*RECORDS TO PROCESS:*
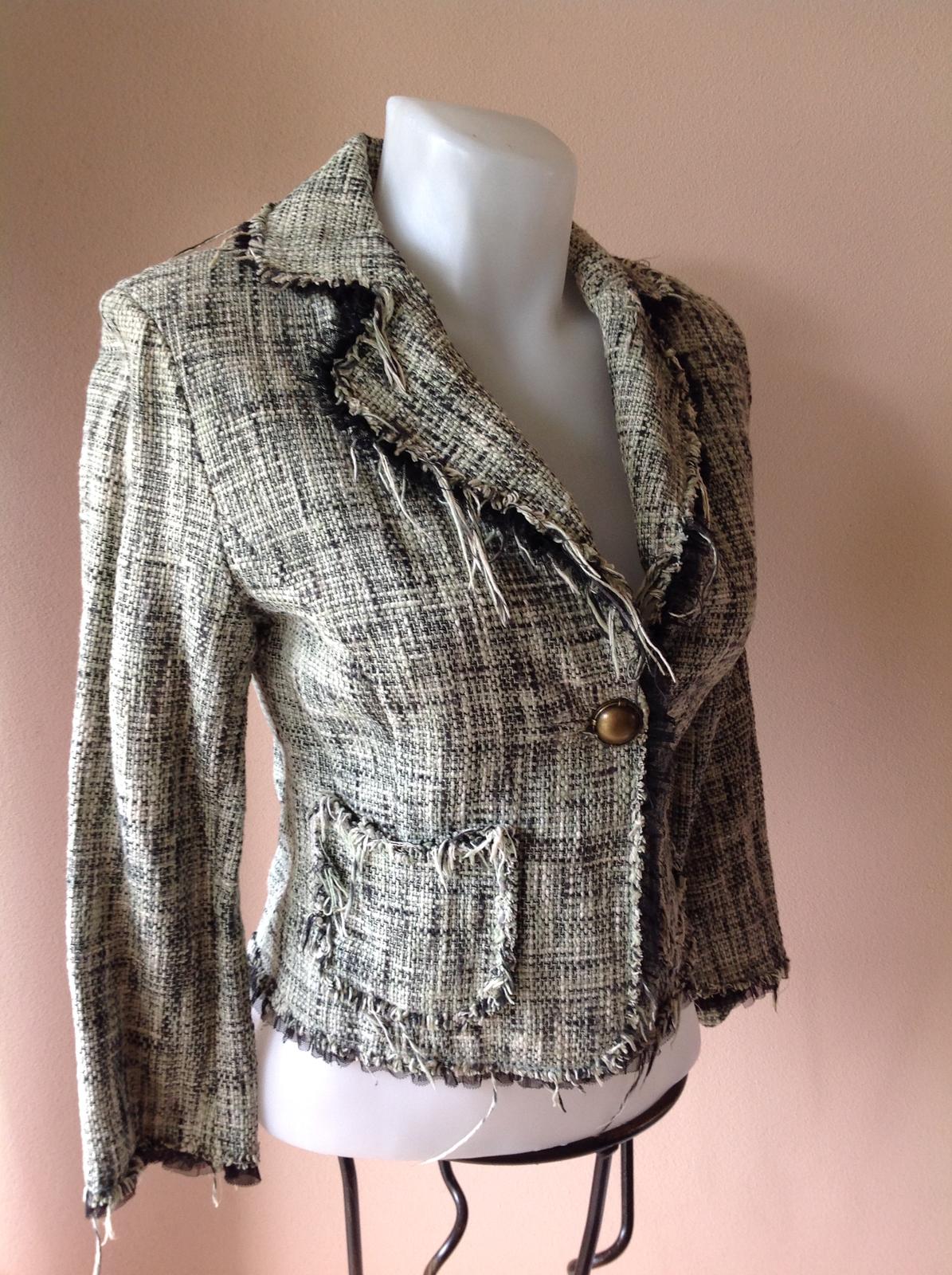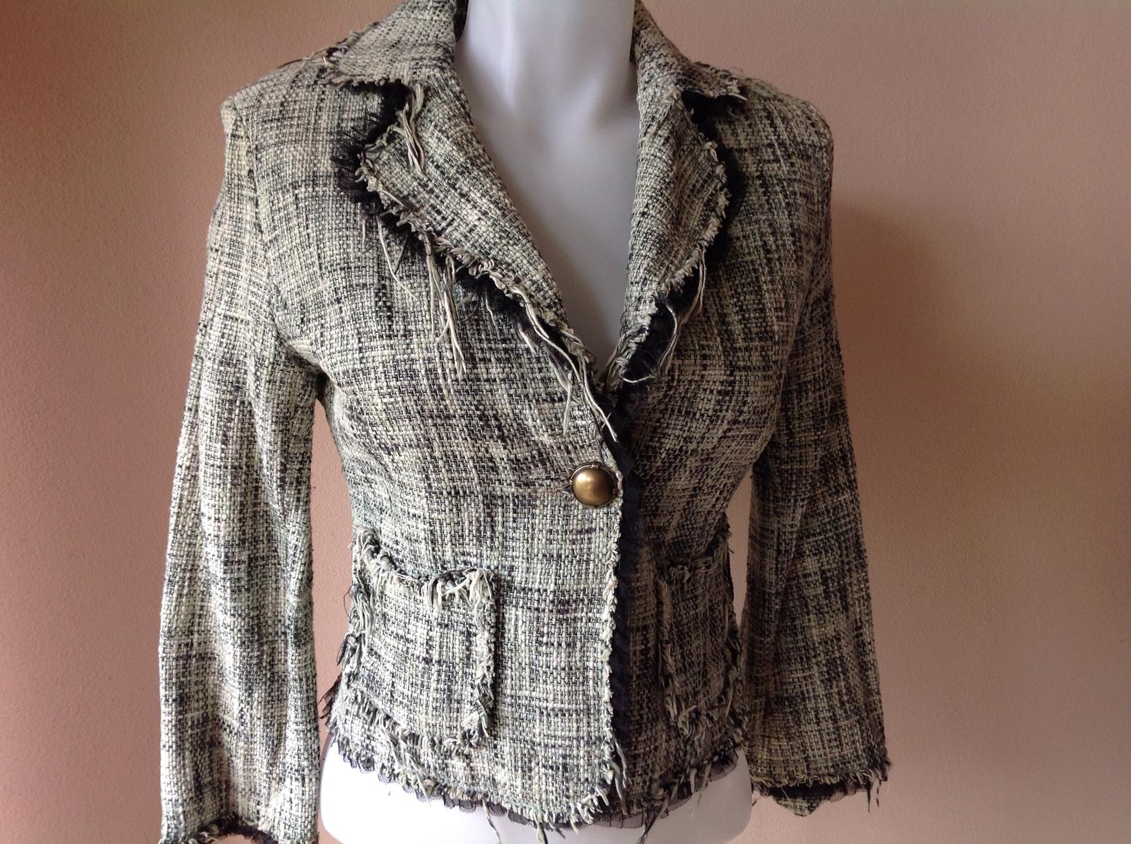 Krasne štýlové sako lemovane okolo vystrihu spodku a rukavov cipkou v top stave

---

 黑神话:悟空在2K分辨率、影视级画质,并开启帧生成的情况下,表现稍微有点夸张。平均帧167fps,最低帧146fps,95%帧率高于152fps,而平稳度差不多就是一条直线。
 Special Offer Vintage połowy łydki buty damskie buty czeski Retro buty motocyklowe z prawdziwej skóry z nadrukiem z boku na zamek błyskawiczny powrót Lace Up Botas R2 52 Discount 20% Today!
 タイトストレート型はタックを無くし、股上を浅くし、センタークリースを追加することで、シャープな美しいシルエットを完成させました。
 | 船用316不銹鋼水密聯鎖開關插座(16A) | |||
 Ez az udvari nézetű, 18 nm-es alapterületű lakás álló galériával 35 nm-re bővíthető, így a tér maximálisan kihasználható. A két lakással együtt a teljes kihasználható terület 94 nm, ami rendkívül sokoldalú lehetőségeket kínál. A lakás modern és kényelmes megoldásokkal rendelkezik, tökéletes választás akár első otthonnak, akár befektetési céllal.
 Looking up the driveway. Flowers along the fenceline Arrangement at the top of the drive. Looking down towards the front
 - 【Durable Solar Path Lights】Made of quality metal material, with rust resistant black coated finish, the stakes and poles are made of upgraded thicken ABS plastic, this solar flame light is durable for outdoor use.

--

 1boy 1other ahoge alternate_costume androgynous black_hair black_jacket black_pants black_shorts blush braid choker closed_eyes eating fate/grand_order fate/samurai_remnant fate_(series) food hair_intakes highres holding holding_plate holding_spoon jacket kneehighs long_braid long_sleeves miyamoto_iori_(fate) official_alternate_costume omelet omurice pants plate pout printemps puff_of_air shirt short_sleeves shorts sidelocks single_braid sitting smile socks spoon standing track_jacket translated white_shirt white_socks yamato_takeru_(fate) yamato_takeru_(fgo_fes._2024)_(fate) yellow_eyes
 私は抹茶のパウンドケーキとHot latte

*WHAT YOU ARE ASKED TO DO:*
Go through the listing above and write out exactly the lines starting with the one holding "Looking up the" and running through the one holding "- 【Durable Solar", ends included, and no others.

*REPLY TO THE EXERCISE:*
 Looking up the driveway. Flowers along the fenceline Arrangement at the top of the drive. Looking down towards the front
 - 【Durable Solar Path Lights】Made of quality metal material, with rust resistant black coated finish, the stakes and poles are made of upgraded thicken ABS plastic, this solar flame light is durable for outdoor use.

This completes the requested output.